戦闘能力を持った無人機、いわゆるUCAVが急速に広まるなか、制空戦闘機に関しても無人機の方が格闘戦(ドッグファイト)で優位と言われます。しかし、高G機動に耐えられるような機体には大きなデメリットもあるようです。
現代戦に必須の存在になった「UCAV」
昨今の無人航空機(UAV)は、ウクライナや中東での戦いなどに代表されるように、ミサイルや爆弾などを搭載し、目標に対する攻撃が可能なものが、もはやメジャーになりつつあります。
こういった無人機は、「無人戦闘航空システム(UCAV)」と呼ばれたりもしますが、では一段上の性能を持つ、それこそ「無人戦闘機」と呼べるだけの能力を持った機体というと、いまだ登場していません。
しかし、各国では将来的に有人戦闘機の任務を部分的に担うことが可能なUCAVの開発が進んでいます。UCAVは有人機にはない多くの利点を有し、未来の航空戦において重要な役割を担うと予想されていますが、無人戦闘機と呼べるUCAVはどのような能力を持った機体となるのでしょうか。
現状、戦闘機の飛行性能は特に旋回能力において限界に達しており、おおむねその荷重制限は7~9Gとなっています。これは第二次世界大戦時の戦闘機からまったく進歩していないと言えます(ただし旋回を継続できる時間は圧倒的に長くなった)。その理由はもっぱら人間側に問題があり、7G以上の旋回は肉体に負担を強いて最悪失神に至る恐れがあるため、9Gともなると瞬間的にしか発揮できないことに起因します。
一方、無人戦闘機の最大の特徴は「パイロットが搭乗しない」という点に集約されます。したがって無人戦闘機は人間のG制限から解放され、有人機では実現困難な超高G機動が可能になることはほぼ間違いないでしょう。

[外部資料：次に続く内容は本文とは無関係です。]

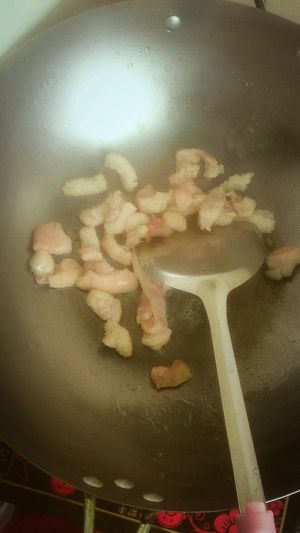 用刚才切出来的肥肉来炸油,有的锅会贴锅的,可先放一小勺花生油再炸,要是不贴可以不加

10Gを超える機動は、有人戦闘機を迅速に捕捉し攻撃する、またはその逆で、有人戦闘機からの攻撃を回避するうえで非常に有効な手段であり、ドッグファイトは無人戦闘機の天下になるだろうと予想する論調も少なくありません。
しかし、無人戦闘機の超高G機動は、技術的な課題が山積しており、容易に実現できるものではないようです。まず、超高G機動を実現するためには、機体構造を大幅に強化する必要があります。高いGによる変形に耐えられるよう機体をより頑丈にするためには、構造を重く造らなければなりません。ただ、それによって次のようなデメリットが新たに生じます。
高Gに耐えられる機体構造、本当に必要?
機体構造が頑丈になればおのずと機体重量も増え、最大離陸重量に対する搭載量の割合が減少するでしょう。そうなると、とうぜん航続距離や滞空時間に影響が出ます。仮に、同規模の燃料搭載量を確保しようとするなら、兵装の搭載量を減らさざるを得ません。
また、重量増加は旋回を継続できる時間も減少させます。無人戦闘機は人間が搭乗しない分、生命維持装置や射出座席・コックピットを省略し軽量化することが可能でしょうが、そのメリットを食いつぶしてしまうことにつながります。
瞬間的な旋回能力の向上がもたらすメリットが重量増加のデメリットを上回るのかというと、それも微妙なところです。機動性をいくら向上させたとしても、空対空ミサイルが発揮する数十Gの旋回能力には及びません。現在の技術では、ミサイルの旋回能力は戦闘機のそれを大きく上回っています。したがって、戦闘機自体が超高G機動を行うよりも、ミサイルにその役割を担わせる方が現実的です。
結論として、無人戦闘機に超高G機動を行わせることは技術的には可能ですが、それを実現するための代償が大きいため、実際にはあまり求められていないのが現状です。
現実的に求められる無人戦闘機の役割は、パイロットの生命を守るために有人戦闘機では高リスクな任務に投入することや、長時間の監視任務を遂行すること、そしてミサイルや他の武器システムとの連携を強化することなどでしょう。
たとえば半自律型の僚機として有人戦闘機から命令を受けながら連携する、自機の位置を暴露する危険があるレーダーを使用しデータリンクで情報共有する、敵機を攻撃するためミサイルの射程圏内まで前進する(相手のミサイルの射程に入る)などが考えられます。
今後、材料工学や制御技術の進歩により、無人戦闘機の超高G機動が実現される可能性もあるかもしれませんが、当面そうした能力が求められることはないと、前述したような理由から筆者(関 賢太郎:航空軍事評論家)は見ています。